[EXERCISE DATA]:
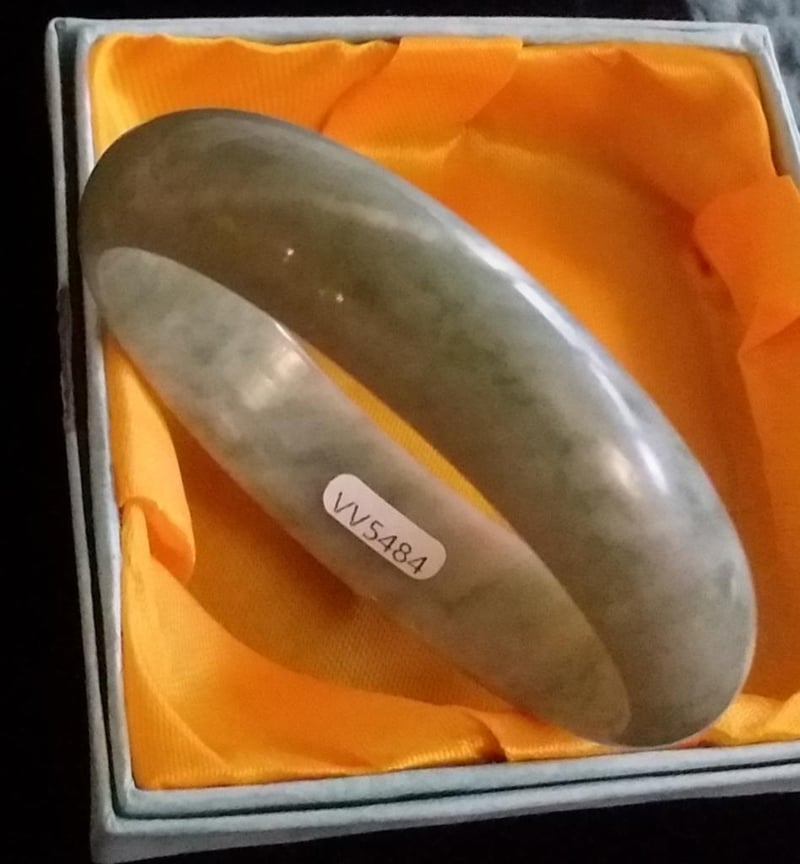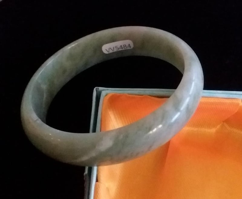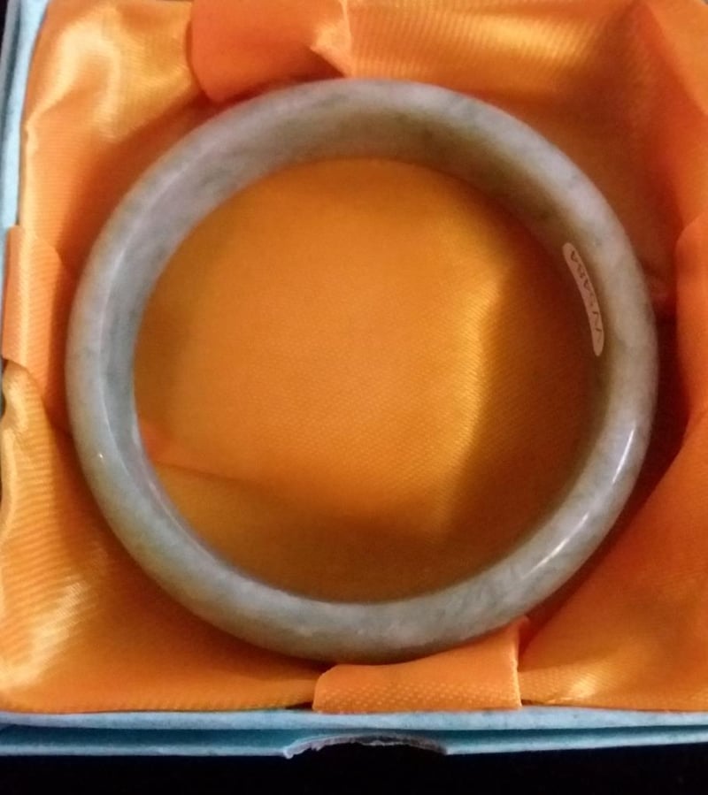CHINESE LIGHT GREEN JADE BANGLE IN SATIN BOX
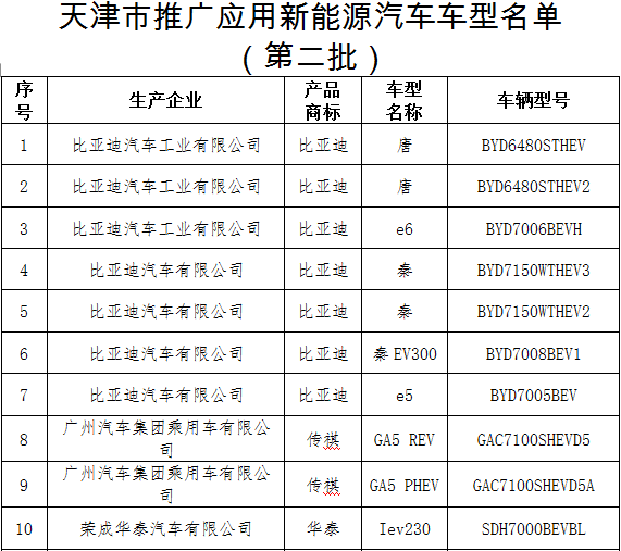 附件:天津市推廣應(yīng)用新能源汽車(chē)車(chē)型名單(第二批)
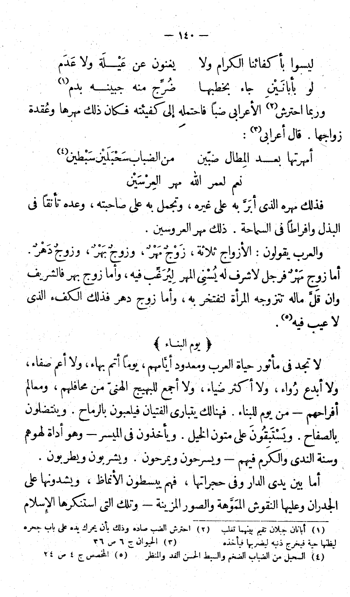 لا تجد في مأثورة حياة العرب ومعدود أيامهم، يوماً أتم بهاء، ولا أعم صفاء. ولا أبدع رُواء ولا أكثر ضياء ولا أجمع للبهيج الهني من محالفهم، ومعالم أفراحهم من يوم البناء. فهنالك يتبارى الفتيان فيلعبون بالرماح. وينتضلون بالصفاح ويَستَبِقون على متون الخيل. ويأخذون في الميسر - وهو أداة لهوهم وسنة الندى
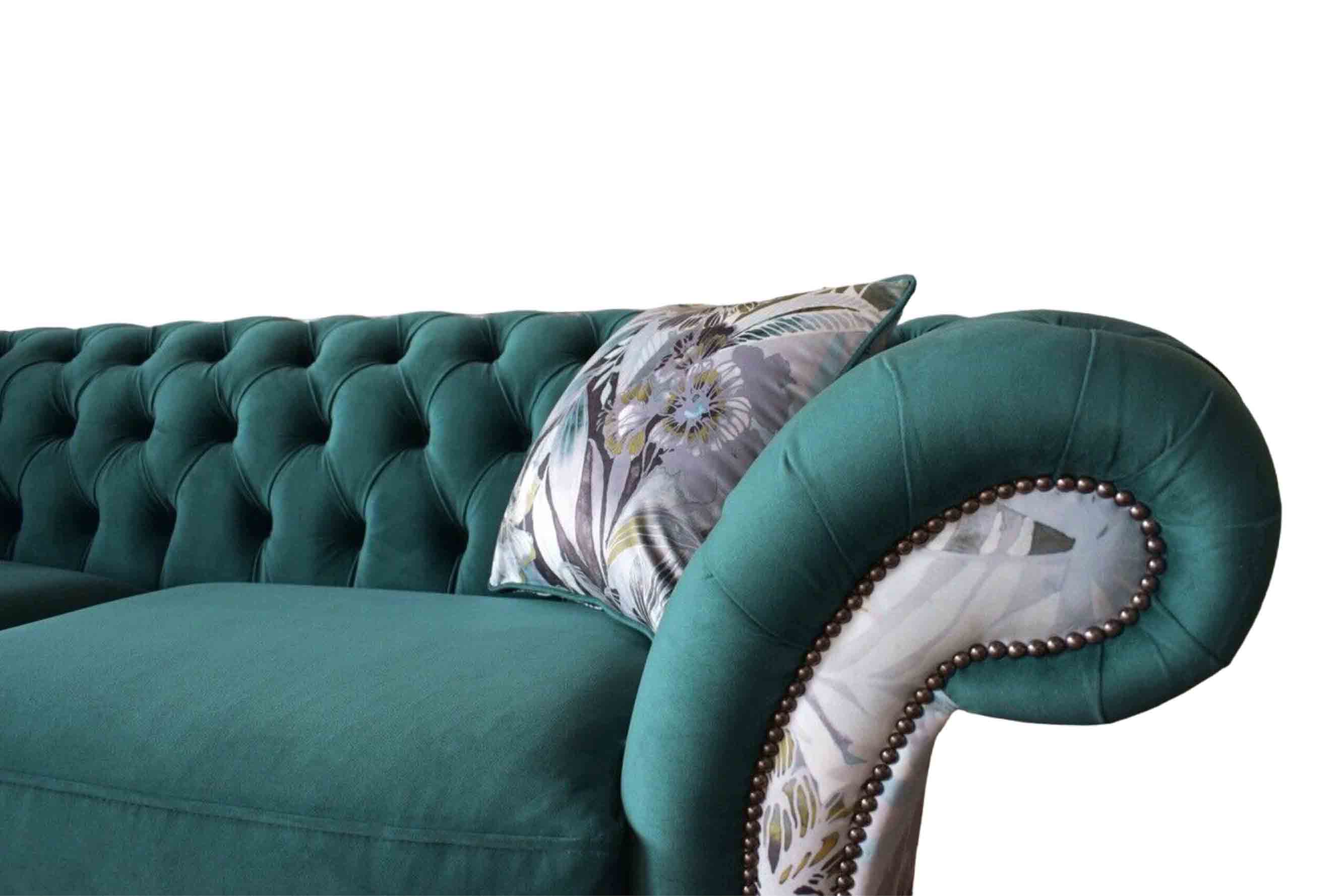 Een levendige driezitsbank van Chesterfield in een delicate smaragdkleur met bloemmotief is een luxueuze toevoeging aan elke woonruimte. Met afmetingen van ca. 230 x 80 x 90 cm biedt deze bank niet alleen comfort, maar ook stijl. De zithoogte van 42 cm en zitdiepte van 52 cm zorgen voor een aangename en ontspannen zitervaring. Het materiaal van hoogwaardig textiel zorgt voor duurzaamheid en elegantie. Optionele features zoals de bedfunctie met matras en verschillende groepen materialen om uit te kiezen, waaronder premium leer en fluweelstof, bieden keuzemogelijkheden voor een persoonlijke touch. Het natuurhouten binnenframe zorgt voor stabiliteit en langdurig gebruik.

[GOAL OF THE EXERCISE]: Pictures aside, repeat exactly every line from the top of the listing above through the line bearing "لا تجد في مأثورة", inclusive.

[ANSWER TO THE EXERCISE]:
CHINESE LIGHT GREEN JADE BANGLE IN SATIN BOX
 附件:天津市推廣應(yīng)用新能源汽車(chē)車(chē)型名單(第二批)
 لا تجد في مأثورة حياة العرب ومعدود أيامهم، يوماً أتم بهاء، ولا أعم صفاء. ولا أبدع رُواء ولا أكثر ضياء ولا أجمع للبهيج الهني من محالفهم، ومعالم أفراحهم من يوم البناء. فهنالك يتبارى الفتيان فيلعبون بالرماح. وينتضلون بالصفاح ويَستَبِقون على متون الخيل. ويأخذون في الميسر - وهو أداة لهوهم وسنة الندى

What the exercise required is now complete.